▶ [Required action]: After finding the line containing "It’s a fishy" below, please output that line and each following one through the line containing "Bathroom - 3.03m", exactly as written.
====== Exercise data ======
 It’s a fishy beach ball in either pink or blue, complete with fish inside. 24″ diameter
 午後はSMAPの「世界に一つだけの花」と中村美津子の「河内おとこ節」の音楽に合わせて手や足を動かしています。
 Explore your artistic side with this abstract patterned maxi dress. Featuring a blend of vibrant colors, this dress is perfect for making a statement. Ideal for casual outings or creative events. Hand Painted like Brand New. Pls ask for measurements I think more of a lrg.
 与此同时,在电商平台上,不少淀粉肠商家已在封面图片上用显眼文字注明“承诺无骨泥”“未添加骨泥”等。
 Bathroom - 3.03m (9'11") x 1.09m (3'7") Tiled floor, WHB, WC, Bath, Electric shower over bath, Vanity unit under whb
======
====== Exercise data ======
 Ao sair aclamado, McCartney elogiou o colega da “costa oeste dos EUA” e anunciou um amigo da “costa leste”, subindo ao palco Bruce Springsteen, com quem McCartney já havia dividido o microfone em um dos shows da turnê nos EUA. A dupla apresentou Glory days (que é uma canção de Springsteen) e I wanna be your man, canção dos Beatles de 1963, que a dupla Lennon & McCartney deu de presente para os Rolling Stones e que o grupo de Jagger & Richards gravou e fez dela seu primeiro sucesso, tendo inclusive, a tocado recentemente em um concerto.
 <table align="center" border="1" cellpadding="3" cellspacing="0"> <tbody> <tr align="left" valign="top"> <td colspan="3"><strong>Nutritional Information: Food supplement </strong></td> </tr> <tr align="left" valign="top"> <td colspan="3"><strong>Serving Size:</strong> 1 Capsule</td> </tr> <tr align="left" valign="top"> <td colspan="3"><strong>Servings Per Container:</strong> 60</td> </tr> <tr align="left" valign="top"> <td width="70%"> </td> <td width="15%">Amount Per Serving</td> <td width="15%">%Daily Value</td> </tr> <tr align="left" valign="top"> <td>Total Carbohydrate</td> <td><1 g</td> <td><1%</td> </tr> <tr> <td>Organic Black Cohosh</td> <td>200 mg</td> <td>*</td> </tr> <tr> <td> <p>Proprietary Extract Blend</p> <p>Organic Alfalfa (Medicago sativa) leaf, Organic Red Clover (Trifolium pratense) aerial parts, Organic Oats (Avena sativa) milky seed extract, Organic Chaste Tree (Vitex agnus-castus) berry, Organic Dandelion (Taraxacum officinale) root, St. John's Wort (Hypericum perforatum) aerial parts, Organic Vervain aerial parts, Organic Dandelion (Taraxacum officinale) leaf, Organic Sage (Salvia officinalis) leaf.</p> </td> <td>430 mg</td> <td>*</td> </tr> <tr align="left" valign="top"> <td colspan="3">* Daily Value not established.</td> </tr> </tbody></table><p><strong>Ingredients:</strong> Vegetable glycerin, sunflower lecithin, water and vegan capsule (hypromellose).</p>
======
▶ [Exercise answer]:
 It’s a fishy beach ball in either pink or blue, complete with fish inside. 24″ diameter
 午後はSMAPの「世界に一つだけの花」と中村美津子の「河内おとこ節」の音楽に合わせて手や足を動かしています。
 Explore your artistic side with this abstract patterned maxi dress. Featuring a blend of vibrant colors, this dress is perfect for making a statement. Ideal for casual outings or creative events. Hand Painted like Brand New. Pls ask for measurements I think more of a lrg.
 与此同时,在电商平台上,不少淀粉肠商家已在封面图片上用显眼文字注明“承诺无骨泥”“未添加骨泥”等。
 Bathroom - 3.03m (9'11") x 1.09m (3'7") Tiled floor, WHB, WC, Bath, Electric shower over bath, Vanity unit under whb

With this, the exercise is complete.